Monday 23 February 2015

The therapist's habitual position

Morit Heitzler will soon be running a workshop in Oxford on the topic of "The therapist's habitual position".


Traditionally, when we describe a therapist's way of working, we think about theory and technique:
• what kind of concepts, models and theoretical framework underpins the approach?
• and what kind of interventions and therapeutic responses flow from this?

In simple terms: the theory is what I THINK about as a therapist, and technique is what I DO in response to the client.

However, this way of thinking about our work does not do justice to the roots and the essence of our work. It is a way of thinking borrowed from science and the ‘medical model’: it is not different from a doctor, who uses their scientific medical knowledge to examine, diagnose and administer a treatment to a patient.

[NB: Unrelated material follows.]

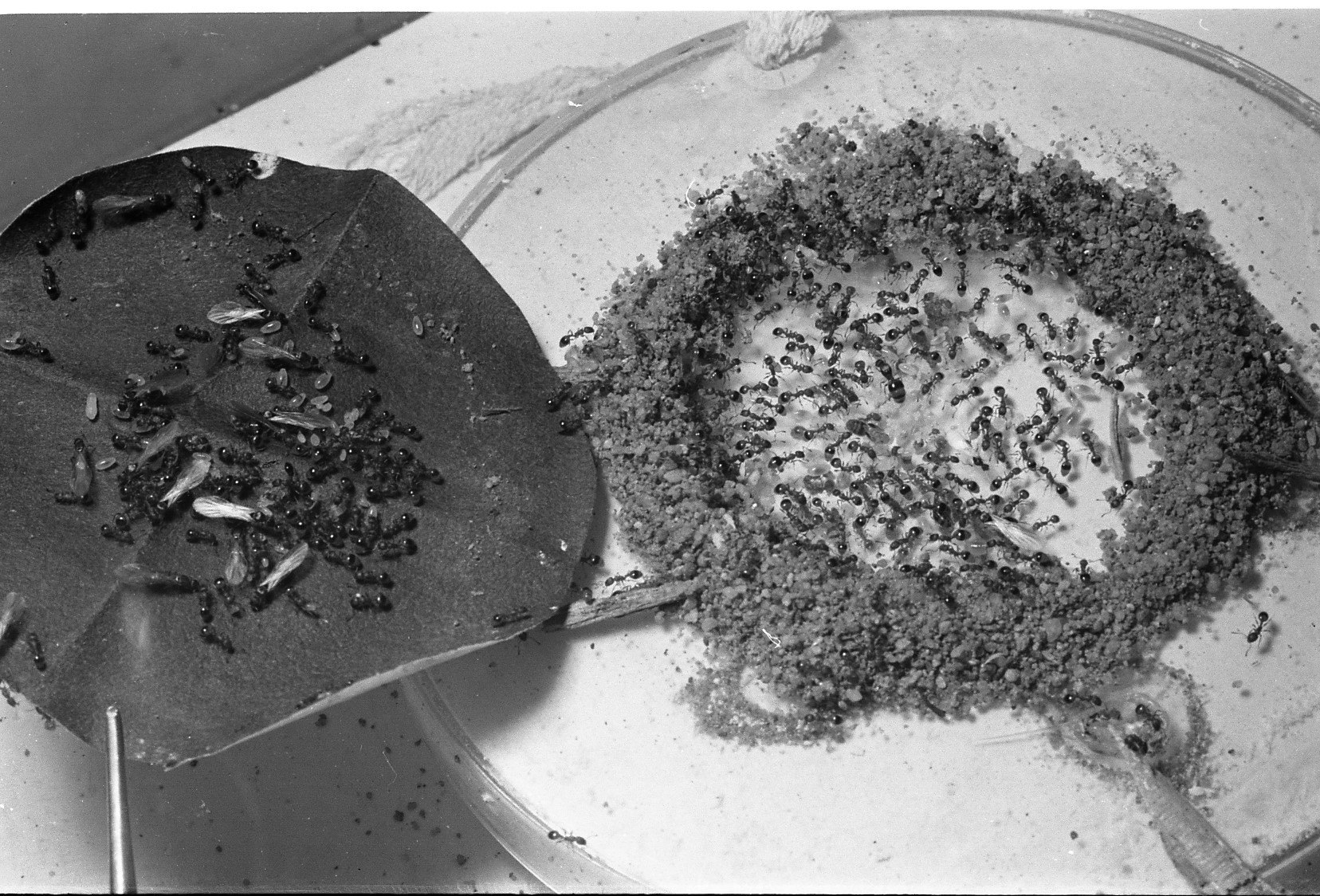 Leptothorax unifasciatus) zogen es vor, ihr Nest unter der Papierabdeckung zu bauen.

The more we think about therapy as an intersubjective two-person encounter in which the quality of relationship is what matters, the more we recognise that the therapist's being - their underlying relational presence and stance - is a third significant factor alongside theory and technique.

What determines the therapist's implicit relational stance is a complex mixture of the therapist's own wounds, biography and background as well as their therapeutic training(s) and their own therapeutic process.

Just as people in general have habitual relational styles and patterns, therapists have habitual therapeutic positions (which we can think of as 'habitual countertransference' - attitudes on the part of the therapist which they take on as soon as they enter the therapeutic position, irrespective of the particular client in front of them). It is the therapist's habitual position which generates a particular therapeutic space - an atmosphere which may be more or less conducive, more or less transformative, depending on the client's character.

We can think about the therapist's habitual position in terms of certain stereotypes (the fairy godmother, the wise man, the stern interpreter, the challenger, the witness, the advocate, the doctor, etc), or in terms of the basic relational modalities or different kinds of therapeutic relatedness.

Most impasses in therapy and most breakdowns in the working alliance involve the therapist's habitual position somehow, and it is therefore an important and worthwhile focus for exploration for every reflective practitioner.